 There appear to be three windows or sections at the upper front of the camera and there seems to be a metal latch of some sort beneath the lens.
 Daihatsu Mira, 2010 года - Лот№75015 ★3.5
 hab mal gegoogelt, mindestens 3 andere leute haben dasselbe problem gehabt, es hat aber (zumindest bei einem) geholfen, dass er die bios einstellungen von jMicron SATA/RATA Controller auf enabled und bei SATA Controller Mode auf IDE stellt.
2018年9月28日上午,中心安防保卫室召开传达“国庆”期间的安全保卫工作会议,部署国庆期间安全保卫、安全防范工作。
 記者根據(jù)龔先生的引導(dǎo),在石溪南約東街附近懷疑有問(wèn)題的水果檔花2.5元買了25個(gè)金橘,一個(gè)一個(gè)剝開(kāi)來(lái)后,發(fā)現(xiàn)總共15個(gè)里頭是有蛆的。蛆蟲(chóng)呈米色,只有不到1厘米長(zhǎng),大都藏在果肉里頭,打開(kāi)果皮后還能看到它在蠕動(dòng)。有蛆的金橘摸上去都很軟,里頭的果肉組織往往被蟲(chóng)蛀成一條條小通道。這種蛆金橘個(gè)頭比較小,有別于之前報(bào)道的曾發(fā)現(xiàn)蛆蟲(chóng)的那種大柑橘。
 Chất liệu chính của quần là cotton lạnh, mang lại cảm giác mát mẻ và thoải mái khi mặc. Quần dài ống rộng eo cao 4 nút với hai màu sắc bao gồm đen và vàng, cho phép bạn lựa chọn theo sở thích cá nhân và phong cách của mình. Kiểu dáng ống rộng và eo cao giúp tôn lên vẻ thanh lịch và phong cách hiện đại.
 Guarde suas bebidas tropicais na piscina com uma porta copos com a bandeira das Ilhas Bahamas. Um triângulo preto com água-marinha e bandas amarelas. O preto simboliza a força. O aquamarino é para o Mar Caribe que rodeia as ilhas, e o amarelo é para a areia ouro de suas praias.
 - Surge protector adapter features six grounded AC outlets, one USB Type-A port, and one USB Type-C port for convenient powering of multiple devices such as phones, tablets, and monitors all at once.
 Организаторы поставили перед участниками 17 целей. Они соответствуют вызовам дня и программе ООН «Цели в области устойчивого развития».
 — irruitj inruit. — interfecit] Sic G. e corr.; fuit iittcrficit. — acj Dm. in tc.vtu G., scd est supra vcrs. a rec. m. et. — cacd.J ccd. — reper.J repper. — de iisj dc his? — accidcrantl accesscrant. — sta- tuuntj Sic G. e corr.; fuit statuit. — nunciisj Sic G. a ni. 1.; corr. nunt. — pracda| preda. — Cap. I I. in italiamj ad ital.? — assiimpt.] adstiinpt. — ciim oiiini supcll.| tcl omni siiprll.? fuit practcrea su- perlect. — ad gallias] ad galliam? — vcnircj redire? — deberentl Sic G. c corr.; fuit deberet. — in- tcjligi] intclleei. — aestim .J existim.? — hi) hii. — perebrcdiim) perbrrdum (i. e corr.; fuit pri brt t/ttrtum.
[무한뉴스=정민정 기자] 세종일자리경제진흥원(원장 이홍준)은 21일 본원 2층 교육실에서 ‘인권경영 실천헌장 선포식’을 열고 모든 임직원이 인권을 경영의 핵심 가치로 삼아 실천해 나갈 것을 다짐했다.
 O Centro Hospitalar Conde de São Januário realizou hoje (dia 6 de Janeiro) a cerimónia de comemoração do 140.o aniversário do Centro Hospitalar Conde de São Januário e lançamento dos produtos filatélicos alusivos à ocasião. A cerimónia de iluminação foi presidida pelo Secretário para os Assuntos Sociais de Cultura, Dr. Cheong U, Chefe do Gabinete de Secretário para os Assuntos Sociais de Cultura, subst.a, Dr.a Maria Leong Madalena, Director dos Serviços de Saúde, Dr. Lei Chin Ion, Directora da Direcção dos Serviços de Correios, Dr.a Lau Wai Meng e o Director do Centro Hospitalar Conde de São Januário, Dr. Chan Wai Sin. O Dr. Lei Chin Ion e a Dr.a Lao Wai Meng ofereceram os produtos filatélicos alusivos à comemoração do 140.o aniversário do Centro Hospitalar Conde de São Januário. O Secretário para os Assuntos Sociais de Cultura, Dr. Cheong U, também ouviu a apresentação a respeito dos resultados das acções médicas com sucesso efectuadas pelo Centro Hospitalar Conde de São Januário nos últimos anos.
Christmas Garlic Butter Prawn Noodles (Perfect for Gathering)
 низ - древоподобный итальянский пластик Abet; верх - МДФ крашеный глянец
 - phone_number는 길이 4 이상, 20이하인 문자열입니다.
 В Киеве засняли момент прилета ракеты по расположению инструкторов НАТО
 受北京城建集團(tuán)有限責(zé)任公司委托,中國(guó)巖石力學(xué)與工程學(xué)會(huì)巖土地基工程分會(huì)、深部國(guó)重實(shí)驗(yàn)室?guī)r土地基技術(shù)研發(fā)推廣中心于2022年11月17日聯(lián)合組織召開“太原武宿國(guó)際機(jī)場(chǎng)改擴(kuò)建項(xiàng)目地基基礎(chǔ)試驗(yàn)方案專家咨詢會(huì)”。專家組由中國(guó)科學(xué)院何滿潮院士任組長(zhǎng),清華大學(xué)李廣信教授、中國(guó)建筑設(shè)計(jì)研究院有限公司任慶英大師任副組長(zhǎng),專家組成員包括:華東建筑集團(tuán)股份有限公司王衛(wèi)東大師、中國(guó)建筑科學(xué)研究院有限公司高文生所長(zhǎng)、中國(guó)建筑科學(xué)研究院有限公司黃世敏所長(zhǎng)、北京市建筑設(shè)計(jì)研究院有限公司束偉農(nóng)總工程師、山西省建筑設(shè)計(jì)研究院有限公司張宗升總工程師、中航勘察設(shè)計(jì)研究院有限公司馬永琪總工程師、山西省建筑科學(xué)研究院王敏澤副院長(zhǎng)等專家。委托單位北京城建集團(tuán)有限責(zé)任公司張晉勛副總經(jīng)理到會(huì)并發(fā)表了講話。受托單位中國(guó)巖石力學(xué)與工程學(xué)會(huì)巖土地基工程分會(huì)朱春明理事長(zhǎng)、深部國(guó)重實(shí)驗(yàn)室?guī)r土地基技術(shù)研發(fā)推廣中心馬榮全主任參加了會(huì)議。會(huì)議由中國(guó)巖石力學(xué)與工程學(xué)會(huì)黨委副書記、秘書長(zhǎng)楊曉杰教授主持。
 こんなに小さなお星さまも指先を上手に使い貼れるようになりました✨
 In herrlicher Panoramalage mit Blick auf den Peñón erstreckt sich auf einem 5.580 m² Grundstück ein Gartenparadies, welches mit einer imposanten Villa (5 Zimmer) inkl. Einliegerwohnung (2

◆ ◆ ◆ ◆

What you will do: Show all lines from the listing above in which "einem" appears.

Your solution:
 hab mal gegoogelt, mindestens 3 andere leute haben dasselbe problem gehabt, es hat aber (zumindest bei einem) geholfen, dass er die bios einstellungen von jMicron SATA/RATA Controller auf enabled und bei SATA Controller Mode auf IDE stellt.
 In herrlicher Panoramalage mit Blick auf den Peñón erstreckt sich auf einem 5.580 m² Grundstück ein Gartenparadies, welches mit einer imposanten Villa (5 Zimmer) inkl. Einliegerwohnung (2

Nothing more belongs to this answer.